▸ AIM OF THE TASK
Output all the data exactly. Pictures do not belong in the copy.

▸ INFORMATION SHOWN
++++++++++++++++++++
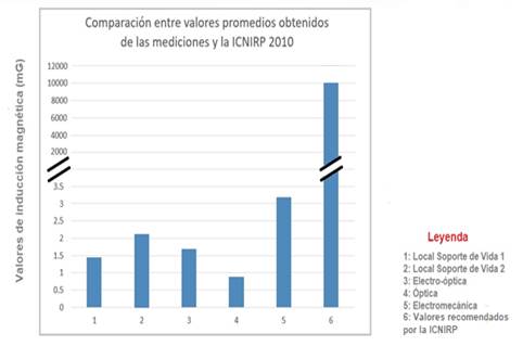 Se logró realizar la medición de campo magnético en los cinco locales propuestos en esta investigación y con ella su caracterización. La comparación y análisis de los resultados obtenidos, con las recomendaciones de la ICNIRP demuestra que los valores a los que están sometidos los trabajadores se encuentran por debajo de las recomendaciones, aunque deben vigilarse casos puntuales dentro de los locales, donde estos valores se encuentran excedidos para la ubicación de los puestos de trabajo.
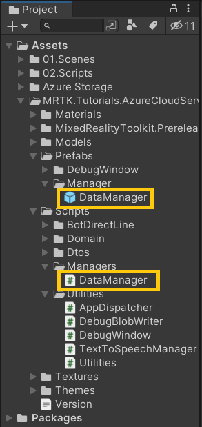 - ํจํค์ง ๋ค์ด ํ ์ํฌํธ : AzureStorageForUnity.unitypackage, MRTK.Tutorials.AzureCloudServices.unitypackage
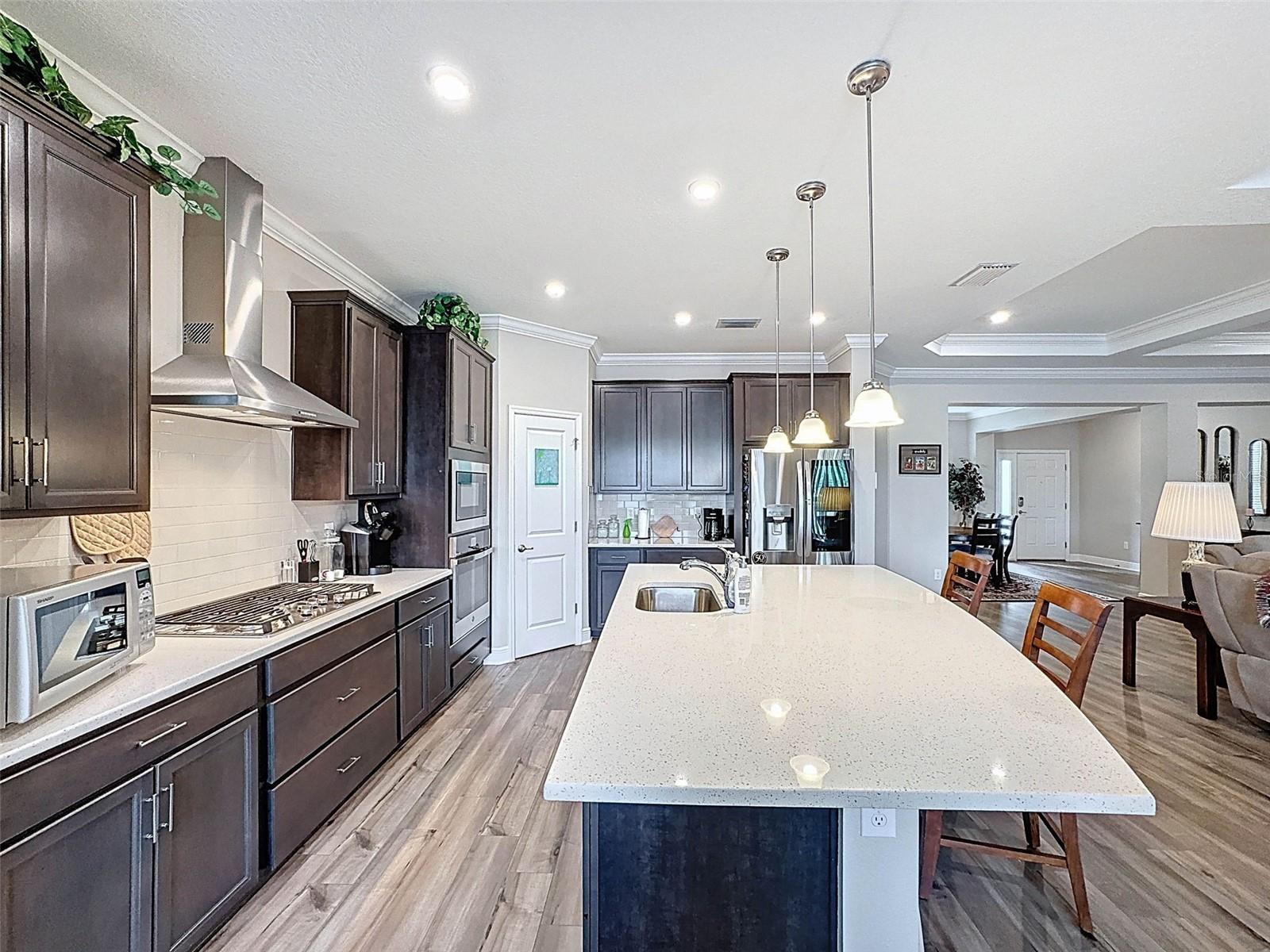 Bem -vindo a este requintado 3/2.5/3 localizado nas Cascades de Southern Hills, uma comunidade de mais de 55 anos com comodidades e conveniências de estilo resort, incluindo uma piscina comunitária, quadras de bola e tênis, biblioteca, um centro de fitness e muito mais. As taxas do HOA também incluem manutenção de internet, cabo e gramado. Construído em 2022, esta residência meticulosamente mantida está pronta para a mudança! O vendedor está disposto a negociar os móveis! Ao entrar, você é recebido com uma planta baixa brilhante e convidativa - uma área de jantar formal, uma sala grande com tetos de alojamento, um recanto de café da manhã e uma cozinha gourmet com armários de 42 '' com moldagem por coroa, portas suaves, portas de quartzo, alcance de gás e forno de parede (aço sem standless, claro). Os controles deslizantes levam ao lanai exibido com vistas da lagoa - um excelente lugar para relaxar e apreciar o clima da Flórida. O privilégio principal de grandes dimensões (também com um teto dividido) tem um grande chuveiro, pias duplas e um enorme closet. Dois quartos adicionais bem equipados proporcionam conforto e conveniência para os hóspedes. Além disso, há um meio banho perto da área de estar adicionando funcionalidade para a vida diária. Há também uma lavanderia de grandes dimensões com muito armazenamento. Atualizações em abundância com piso LVP durável, cores modernas, iluminação embutida e uma calçada pizada! Esta casa é uma verdadeira ver! Sem zona de inundação! O vendedor possui um empréstimo de VA da taxa de juros de 3,5% de 3,5% - peça detalhes ao seu agente.
++++++++++++++++++++
▸ RESPONSE BOX
 Se logró realizar la medición de campo magnético en los cinco locales propuestos en esta investigación y con ella su caracterización. La comparación y análisis de los resultados obtenidos, con las recomendaciones de la ICNIRP demuestra que los valores a los que están sometidos los trabajadores se encuentran por debajo de las recomendaciones, aunque deben vigilarse casos puntuales dentro de los locales, donde estos valores se encuentran excedidos para la ubicación de los puestos de trabajo.
 - ํจํค์ง ๋ค์ด ํ ์ํฌํธ : AzureStorageForUnity.unitypackage, MRTK.Tutorials.AzureCloudServices.unitypackage
 Bem -vindo a este requintado 3/2.5/3 localizado nas Cascades de Southern Hills, uma comunidade de mais de 55 anos com comodidades e conveniências de estilo resort, incluindo uma piscina comunitária, quadras de bola e tênis, biblioteca, um centro de fitness e muito mais. As taxas do HOA também incluem manutenção de internet, cabo e gramado. Construído em 2022, esta residência meticulosamente mantida está pronta para a mudança! O vendedor está disposto a negociar os móveis! Ao entrar, você é recebido com uma planta baixa brilhante e convidativa - uma área de jantar formal, uma sala grande com tetos de alojamento, um recanto de café da manhã e uma cozinha gourmet com armários de 42 '' com moldagem por coroa, portas suaves, portas de quartzo, alcance de gás e forno de parede (aço sem standless, claro). Os controles deslizantes levam ao lanai exibido com vistas da lagoa - um excelente lugar para relaxar e apreciar o clima da Flórida. O privilégio principal de grandes dimensões (também com um teto dividido) tem um grande chuveiro, pias duplas e um enorme closet. Dois quartos adicionais bem equipados proporcionam conforto e conveniência para os hóspedes. Além disso, há um meio banho perto da área de estar adicionando funcionalidade para a vida diária. Há também uma lavanderia de grandes dimensões com muito armazenamento. Atualizações em abundância com piso LVP durável, cores modernas, iluminação embutida e uma calçada pizada! Esta casa é uma verdadeira ver! Sem zona de inundação! O vendedor possui um empréstimo de VA da taxa de juros de 3,5% de 3,5% - peça detalhes ao seu agente.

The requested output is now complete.